In our opinion, Ukraine should:

  1. Introduce measurable target criteria for tracking cost-effectiveness. In particular, World Bank’s IRI (International roughness index) should be used. Other indicators may include track gauge or longitudinal roughness in the Slovak Road Databank.
  2. Introduce automated traffic data collection. Collect the data on traffic intensity, gauge, longitudinal roughness and other road indicators and publish it online as a single public database (similar to the Slovak Road Databank). Make a comprehensive decision on the allocation of funds for roads based on this data.
  3. Take into account the intensity of traffic when allocating the funds from the road subvention. As of now, only the length of the roads is taken into account, which is not a fully comprehensive indicator.
  4. Increase the long-term planning horizon to 10 years instead of 5. Ensure timely preparation of road project documentation to make sure that all funds granted by international organizations are used.

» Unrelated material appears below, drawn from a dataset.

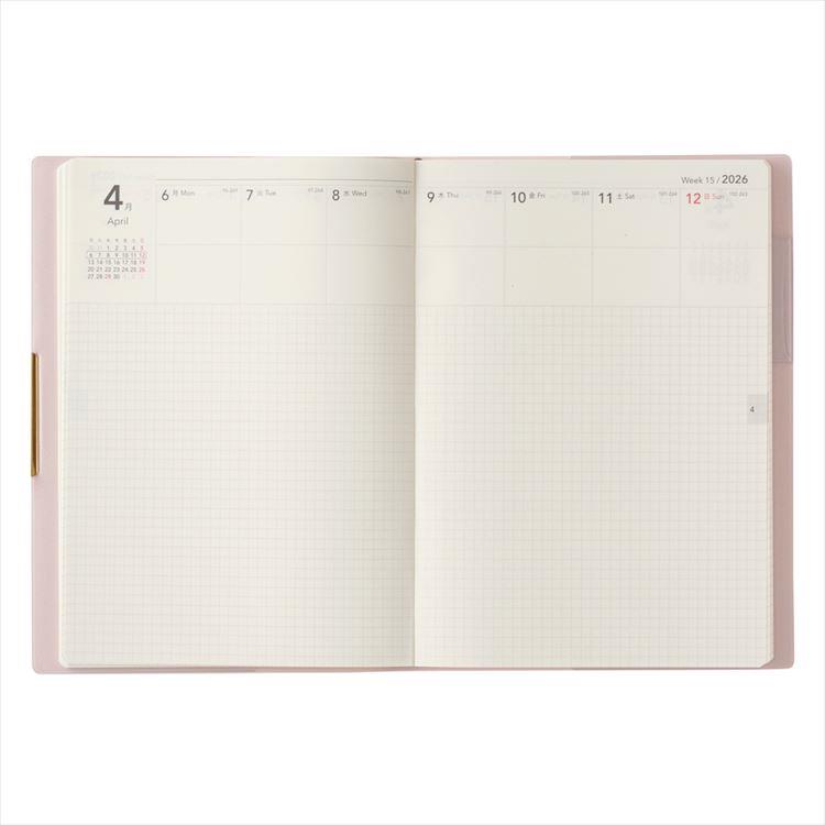 【週間ページ】上部のスケジュール欄(月曜始まり)で予定を把握しながら、たっぷりの方眼メモスペースはノートのように使えます。手帳とノートを一元管理したい方や自由にカスタマイズしたい方におすすめです。

It will also allow saving the money on debt service to international organisations.
  5. Introduce tools for planning transport corridors. The Slovak motorways form a transport corridor between major cities (Bratislava, Kosice, etc.), with the exception of a small section in the mountains. These corridors accelerate the movement between them. In the years when such motorways or highways in such corridors were built the road quality index of the World Economic Forum increased the most.
  6. Create conditions for increasing competition among contractors performing design, maintenance and construction, and other works on Ukrainian roads. In particular, the barriers to participation in bidding should be removed as much as possible, and the state-owned enterprises controlled by Ukravtodor, except for Ukrdorinvest, should be privatized. (some enterprises should be liquidated)

We carried out an analysis of actual and expected road expenditures in Ukraine and Slovakia, looking at how different components of road costs are correlated with the quality of roads, explored what influences the cost allocation on roads using regression analysis and expert interviews. We also used expert interviews for more in-depth analysis of the road industry in Ukraine and Slovakia.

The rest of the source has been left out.